Create a weather tracking application that stores city information and fetches current temperature data from a weather API.

Live Example

See this feature in action:

View Live Weather Tracker Example

Lesson Objectives

  • Create the weather blueprint with database integration
  • Build a weather database table to store cities and temperatures
  • Implement forms to add new cities to track
  • Integrate with a weather API to fetch current temperature data
  • Create an 'Update Weather' button that retrieves live weather information
  • Display weather data for multiple cities in an organized format

Weather Tracker Blueprint with API Integration - Notes

Weather Tracker Feature Overview

The weather blueprint allows users to:

  • Add cities to track (e.g., Macon, Georgia)
  • Store city and temperature data in a local database
  • Update temperatures by fetching live data from a weather API
  • View current weather for all tracked locations

Example: Add "Macon, Georgia" with an initial temperature of 15°. Click "Update Weather" and it will fetch the actual current temperature (e.g., 82°).

Database Schema

Create a weather table with the following columns:

  • weather_id: Integer, Primary Key, Auto-increment
  • city: Text (e.g., 'Macon')
  • state: Text (e.g., 'Georgia') - optional but helpful
  • temperature: Integer or Real (current temperature in degrees)

Blueprint Routes

Your weather blueprint should have these routes:

@weather_bp.route('/weather')
def index():
    # Display all weather records

@weather_bp.route('/weather/add', methods=['POST'])
def add_weather():
    # Add new city to database

@weather_bp.route('/weather/update/<int:weather_id>')
def update_weather(weather_id):
    # Fetch live weather from API and update database

Weather API Integration

Use weather.gov (National Weather Service API) - completely free, no API key required!

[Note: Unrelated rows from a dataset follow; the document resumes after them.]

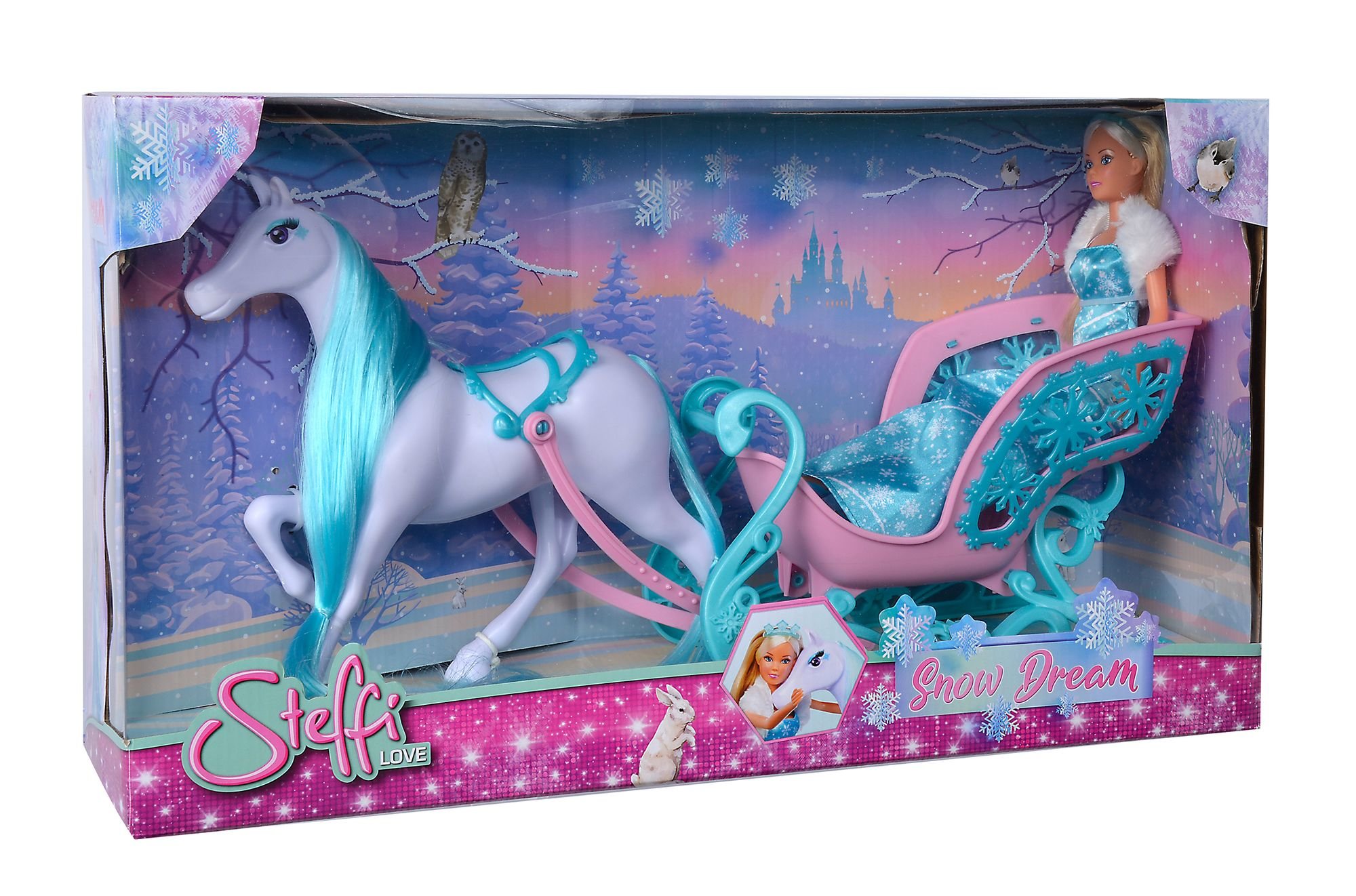 Panenka Steffi jako ledová princezna, s koněm a kouzelnými zimními saněmi. Délka 60 cm. Velikost panenky 29 cm.
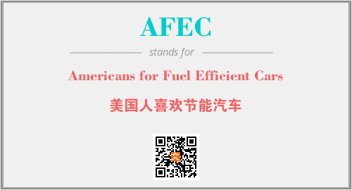上述内容是“Americans for Fuel Efficient Cars”作为“AFEC”的缩写,解释为“美国人喜欢节能汽车”时的信息,以及英文缩略词AFEC所代表的英文单词,其对应的中文拼音、详细解释以及在英文中的流行度和相关分类、应用领域及应用示例等。
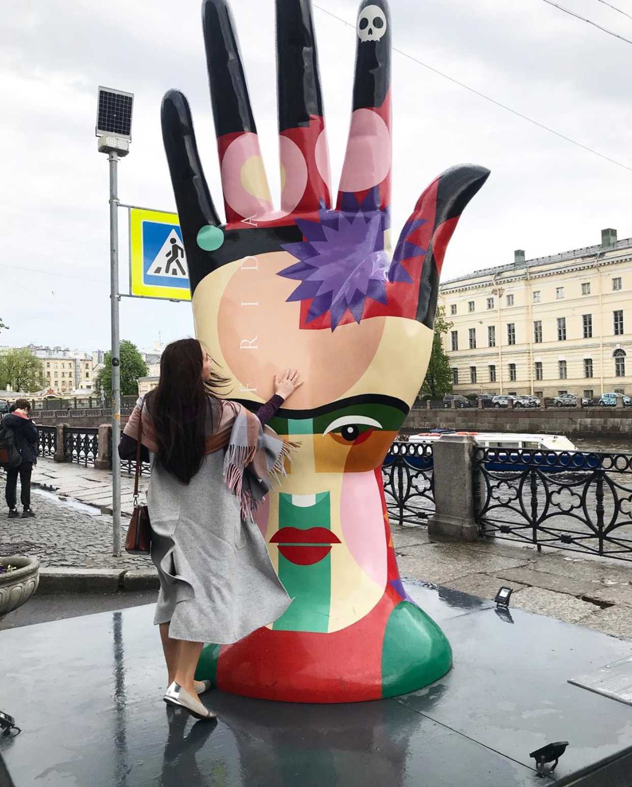 Напротив музея Фаберже, прямо на набережной появилась новая яркая инсталляция – «Рука художника» в честь временной экспозиции музея посвященной мексиканской художнице Фриде Кало. Это работа дизайнеров компании «Айра», которая отражает эмоции и экспрессивную манеру написания полотен художницы.
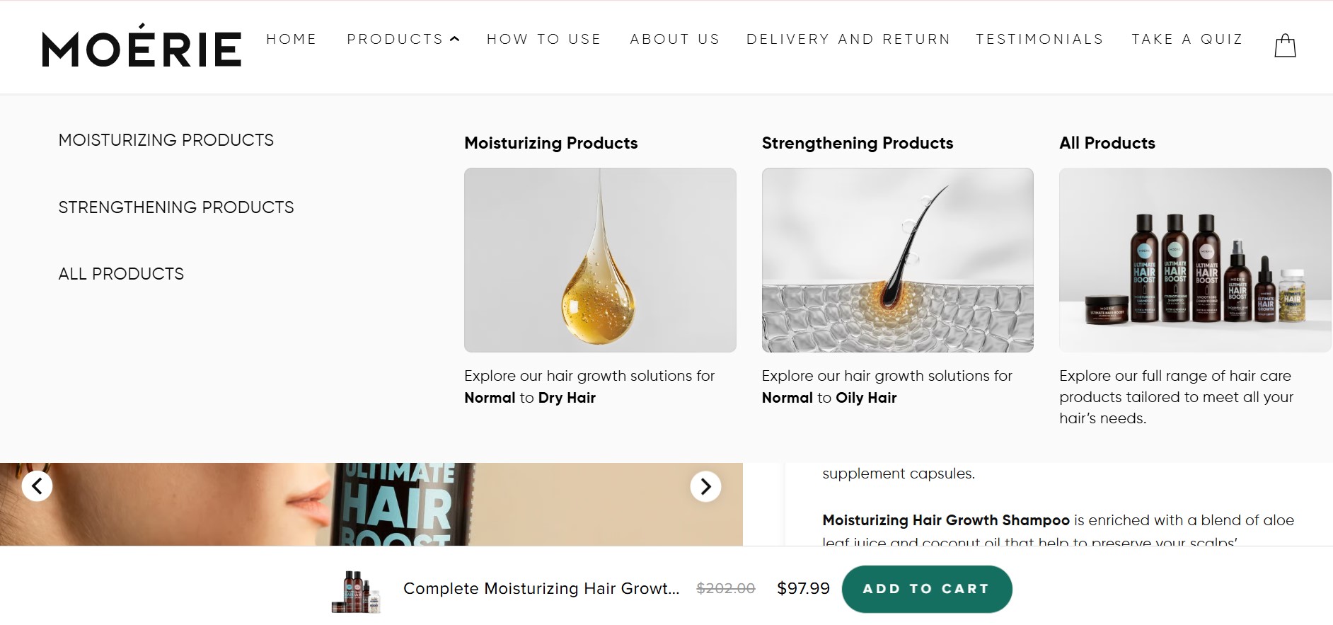 Moérie Beauty offers a full range for thin, damaged, and slow-growing hair, each made with minerals, plant extracts, and vitamins. Their lineup features:
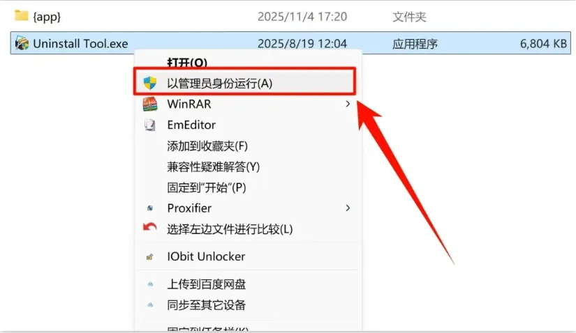 步骤 3: 鼠标右击【Uninstall Tool.exe】选择【以管理员身份运行】。
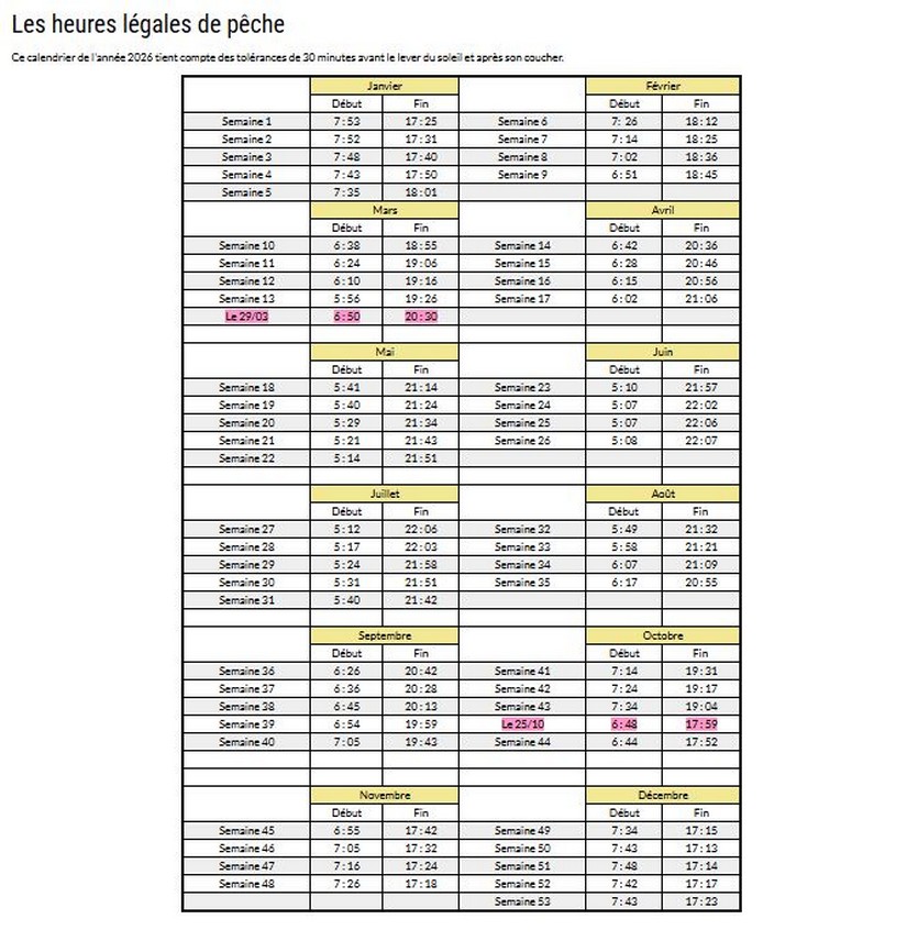Heures légales de la pêche 2026
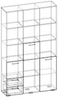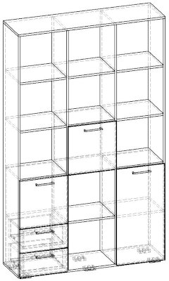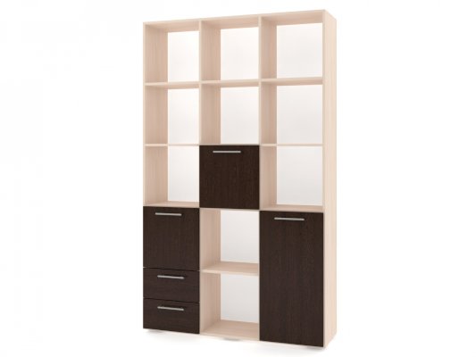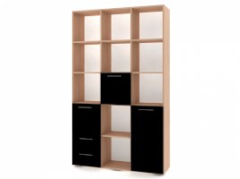 Применение задней стенки из ЛДСП (в ячейках с ящиками и фасадами) позволяет использовать данный стеллаж для зонирования пространства (чтобы предотвратить опрокидывание, необходимо обеспечить крепление стеллажа к стене).
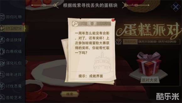 获取方式:游戏主界面点击成就-点击左下角成就奖杯,蛋糕会出现在奖杯上方,具体如下图。
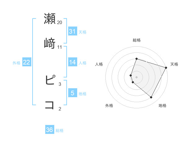 瀬﨑 ピコさんを姓名の画数から五運を鑑定
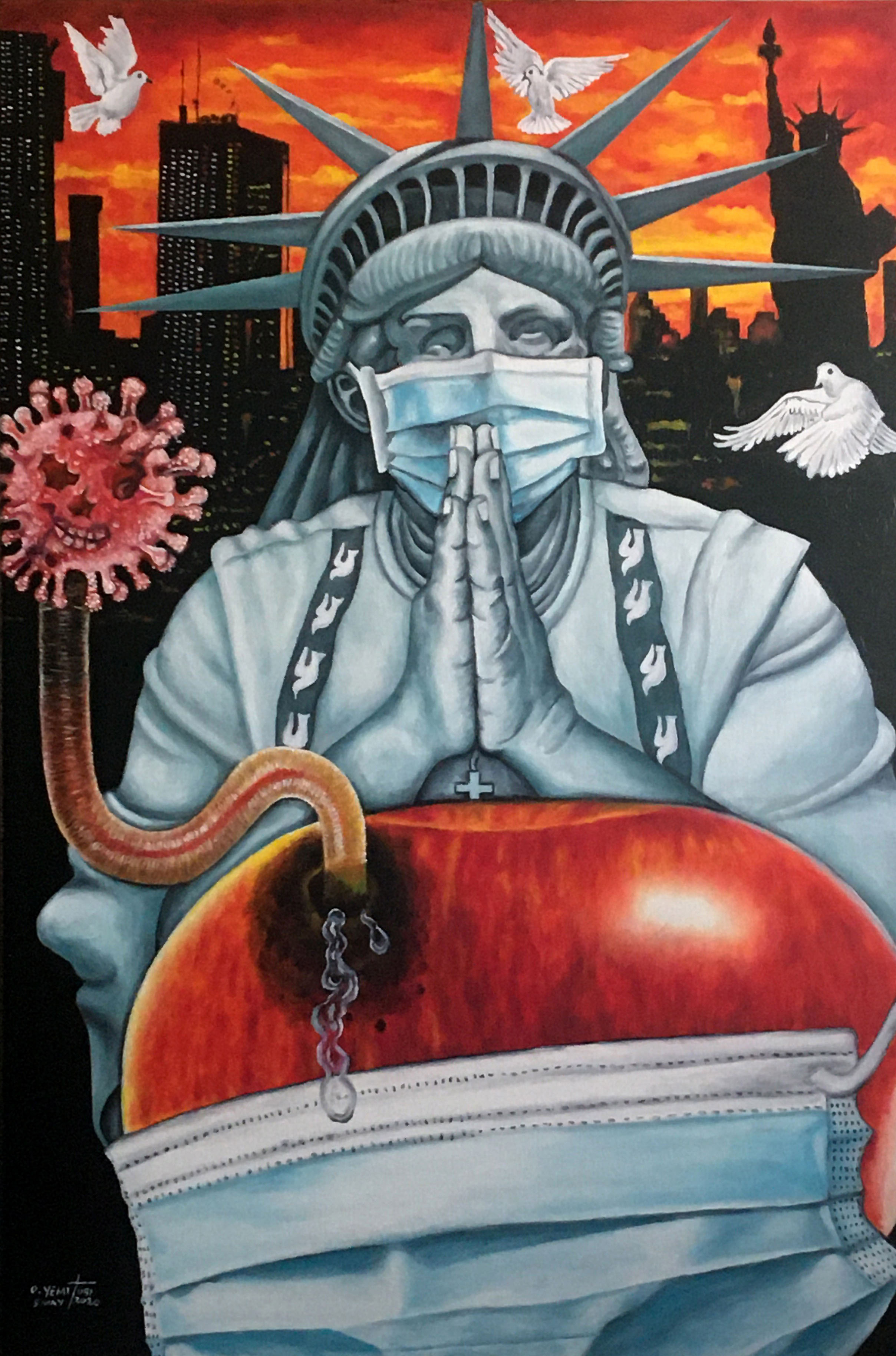 THE STATUE OF LIBERTY, ONE OF THE LANDSCAPES OF NEW YORK CITY; STANDING TALL AND PROUD WITH HER TORCH RAISED HIGH AS SHOWN IN THE CITYSCAPE AT THE BACKGROUND OF THIS PAINTING. SEEING HER CITY AND HER PEOPLE BEEN DEVOURED BY THE DEADLY WORM- CORONA VIRUS; AS A GRIEVING WOMAN, DROPPED HER TORCH, DROPPED HER TABLET AND DROPPED ON HER KNEES PRAYING FOR THE SOULS OF THE DEAD AND THE SALVATION OF THE LIVING. THIS DEPICTS HER RESPONSE TO THE CALL OF GOD TO EVERYONE IN THE BIBLE QUOTATION AT THE TOP OF THIS STATEMENT. RUNNING DOWN THE ROTTEN SIDE OF THE APPLE ARE THE TEARS SHED IN MOURNING THE DEATH OF DEARLY LOVED DEPARTED SOULS.
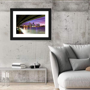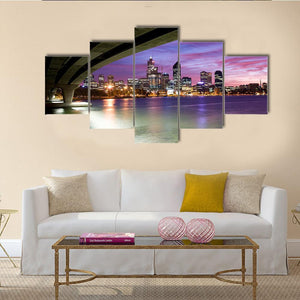 This canvas depicts Perth’s skyline and the Narrows Bridge seen from beneath, looking out over water toward a dramatic dusk sky. Purple, blue and orange tones with lights reflecting on the water create a serene yet vibrant, modern cityscape. It works well in contemporary, urban living spaces and modern room decor.
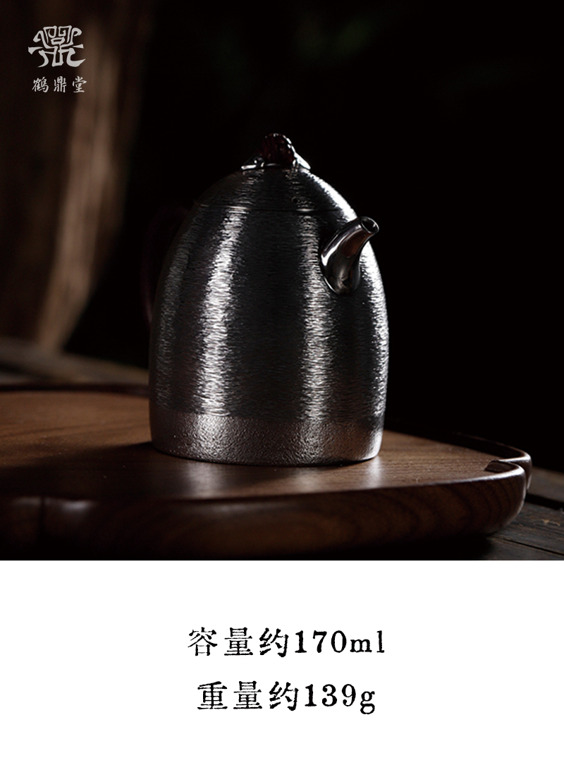 鹤鼎堂银壶于野系列乘駽横纹急须(银色)(缺货)
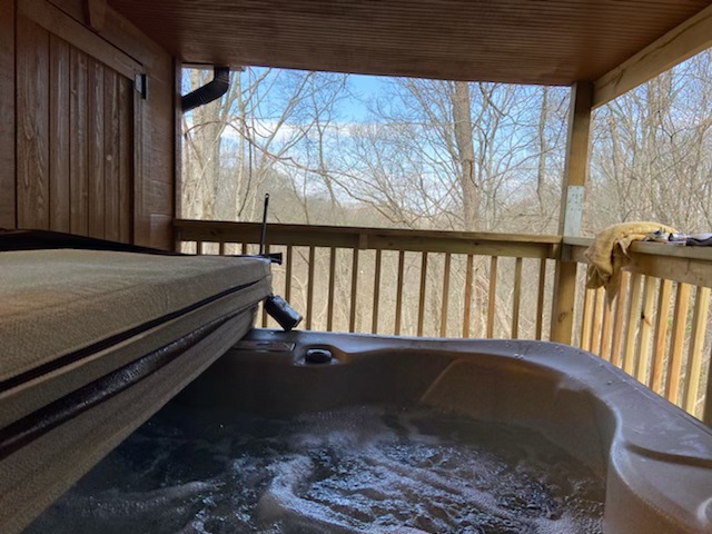 After a day of playing in Sevierville, Pigeon Forge or Gatlinburg, return to Sugar Creek to relax!  The partially enclosed and covered hot tub is waiting for you just outside the door.

The NWS API requires a two-step process:

  1. Get the grid coordinates for a location
  2. Fetch the forecast for those coordinates

Example API call to fetch temperature:

import requests

def get_temperature(city, state):
    # Step 1: Get coordinates (you can also hardcode these)
    geocode_url = f'https://nominatim.openstreetmap.org/search'
    params = {'q': f'{city}, {state}', 'format': 'json'}
    geo_response = requests.get(geocode_url, params=params)
    location = geo_response.json()[0]
    lat, lon = location['lat'], location['lon']
    
    # Step 2: Get weather from NWS
    points_url = f'https://api.weather.gov/points/{lat},{lon}'
    points_response = requests.get(points_url)
    forecast_url = points_response.json()['properties']['forecast']
    
    # Step 3: Get the forecast
    forecast_response = requests.get(forecast_url)
    current_temp = forecast_response.json()['properties']['periods'][0]['temperature']
    return current_temp

Why weather.gov?

  • 100% free, no API key needed
  • Official US government data
  • No rate limits for reasonable use
  • US locations only

Form Implementation

Create an HTML form to add new weather locations:

<form action="/weather/add" method="POST">
    <input type="text" name="city" 
           placeholder="City (e.g., Macon)" required>
    <input type="text" name="state" 
           placeholder="State (e.g., Georgia)">
    <input type="number" name="temperature" 
           placeholder="Initial Temperature">
    <button type="submit">Add Weather Record</button>
</form>

Update Weather Functionality

When a user clicks 'Update Weather' for a city:

  1. Retrieve the city and state from the database
  2. Make an API request to get the current temperature
  3. Update the database record with the live temperature
  4. Redirect back to the weather page to display updated information

Note: Make sure to handle API errors gracefully (e.g., city not found, API rate limit exceeded).